网页页面预读方法、中转服务器和网页页面预读***
本发明涉及移动互联网领域,更为具体地,涉及一种网页页面预读方法、中转服务器以及具有该中转服务器的网页页面预读***。
随着社会的进步和技术的发展,人们越来越多地使用移动终端来以无线的方式接入网络来获取信息。在普通的页面浏览流程中,用户在当前页面点击前进到链接页面,即时加载,但对于目前的通过移动终端尤其是手机上网方式来说,由于终端硬件以及网络接口的限制,在点击了加载前进页面后到加载完成之前,用户难免有十到二十秒的等待网页加载过程,这个过程将浪费一定用户时间,消耗用户的耐心。针对这种情况,网页的预读技术逐渐得到广泛的应用。
技术问题
关于网页的预读,现有技术中存在的普遍做法如下:
服务器基于客户端终的用户历史浏览行为和网页排版预测哪些文件需要被预先装载,当用户进行网页浏览的时候根据所预先装载的文件实现网页的预读功能,这样,用户就不需要等待网页加载的过程而很快地从服务器获得需要加载的页面内容。

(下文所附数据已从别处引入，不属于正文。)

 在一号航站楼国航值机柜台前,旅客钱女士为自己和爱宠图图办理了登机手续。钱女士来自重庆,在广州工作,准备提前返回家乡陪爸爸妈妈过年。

美国US7284035(B2)号专利申请中就披露了类似的技术方案:决定网页的某些特定子页被用户获取,如果决定了就优选预读这些被确定的子页,对子页的偏好通过分析用户之前访问的网页来产生,这种分析所参考的因素包括某个用户对某一网页的子页的访问历史、访问过去的天数、在本页中有多少个子页等等。例如,当一个用户每天早上访问同一个新闻网站并总是阅读政治、计算机、旅游和阅读栏目的文章的时候,根据该专利,则当新闻网页被访问时,这些喜好将会被决定,而那些与政治、计算机、旅游和阅读栏目的文章将被比其他栏目更加优先的被加载入浏览器的缓存。

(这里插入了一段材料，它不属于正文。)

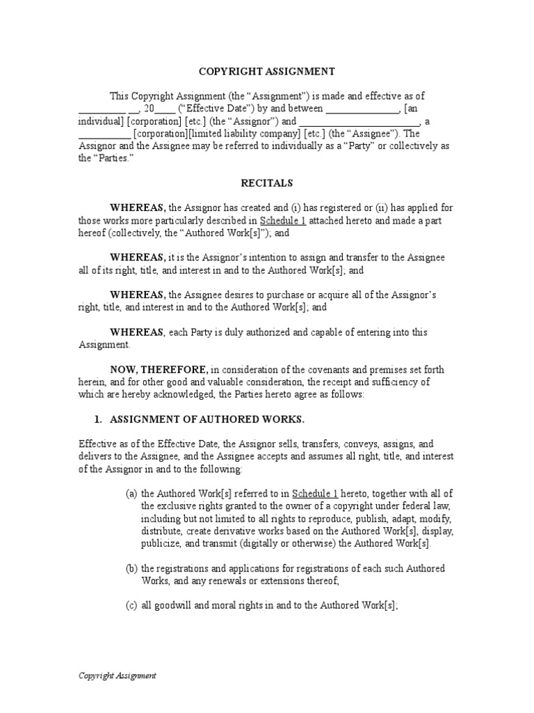 Free Copyright Assignment Agreement - PDF | Word – eForms

但是,上述现有技术对特定子页的预读,用户仍需要进行子页的翻页操作才能从客户端的缓存中逐一获得这些子页,对于需要浏览含有多个子页的网页(如连载小说)的用户来说,虽然预读能够在一定程度上缩短用户的等待时间,但频繁的翻页操作也会给连续的浏览体验带来不便。

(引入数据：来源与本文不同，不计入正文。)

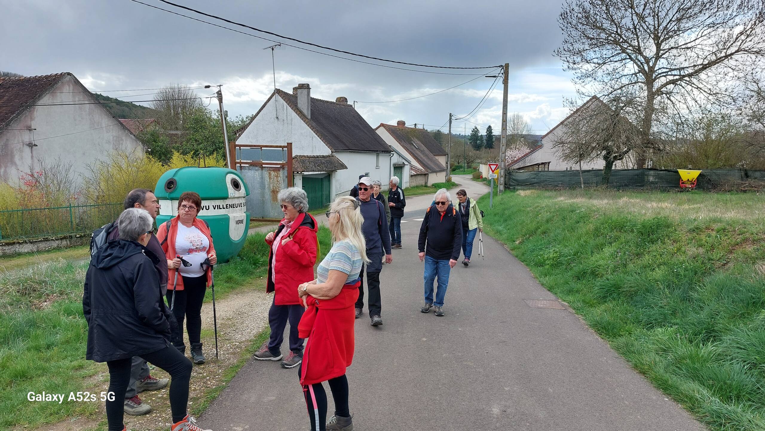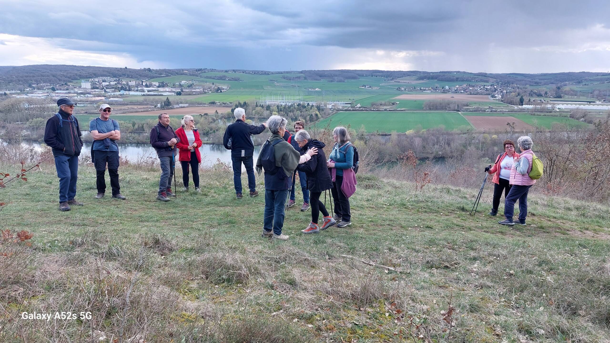 Départ de la randonnée à 14h parking quai Roland Bonnion avec Régis pour effectuer un parcours de 11km300 sur un dénivelé positif de 206m. 13 participants. Le parcours: Boulevard Victor Hugo, route de Dixmont, Chemin de Cannes, Le Petit Vau, première ascension sur le chemin de l’Abrant, chemin de la Pièce Carrée au 4ème Km, le CR de la Signole, 2ème ascension en direction de Passy par le chemin  du Haut des Vaux Limois, 3ème ascension pour atteindre le point de vue ( Altitude 141m)  sur la vallée de l’Yonne avant de redescendre sur Villeneuve. Les 2 derniers Km furent accompagné d’une averse orageuse bien abondante. Allure moyenne en déplacement 4,7km/h. Une sortie de 3h30 environ. Belle randonnée a refaire en sens inverse avec une météo plus clémente.

申请号为200910313007.8的中国专利提出了一种用于移动通讯设备终端的网页页面预读及整合浏览***及其应用方法,采用预先操作读取当前网页的子页并保存的预读模块和用于把当前网页和子页组合成一个组合网页的网页组合模块,并对预读页面进行多层搜索,将对获取的子页与当前页面进行重新组合成一个统一的网页显示给用户,提高用户的浏览感受。
但申请号为200910313007.8的中国专利所提出预读整合方案只是简单地以网页上的如“下一页”/“下一章”/“下一节”关键词为激发预读的热点进行相应子页的获取和组合,对于含有复杂子页结构的网页(如连载小说中同时存在“下一页”和“下一章”链接的情形)来说无法进行精确的预读,并且该申请号为200910313007.8的中国专利预读的规则单一,缺乏对用户浏览喜好的考虑,友好性较差。
技术解决方案
鉴于上述问题,本发明的目的是提供一种基于中转服务器的网页页面预读及整合技术,以克服上述现有技术中预读规则单一、友好性差的缺陷。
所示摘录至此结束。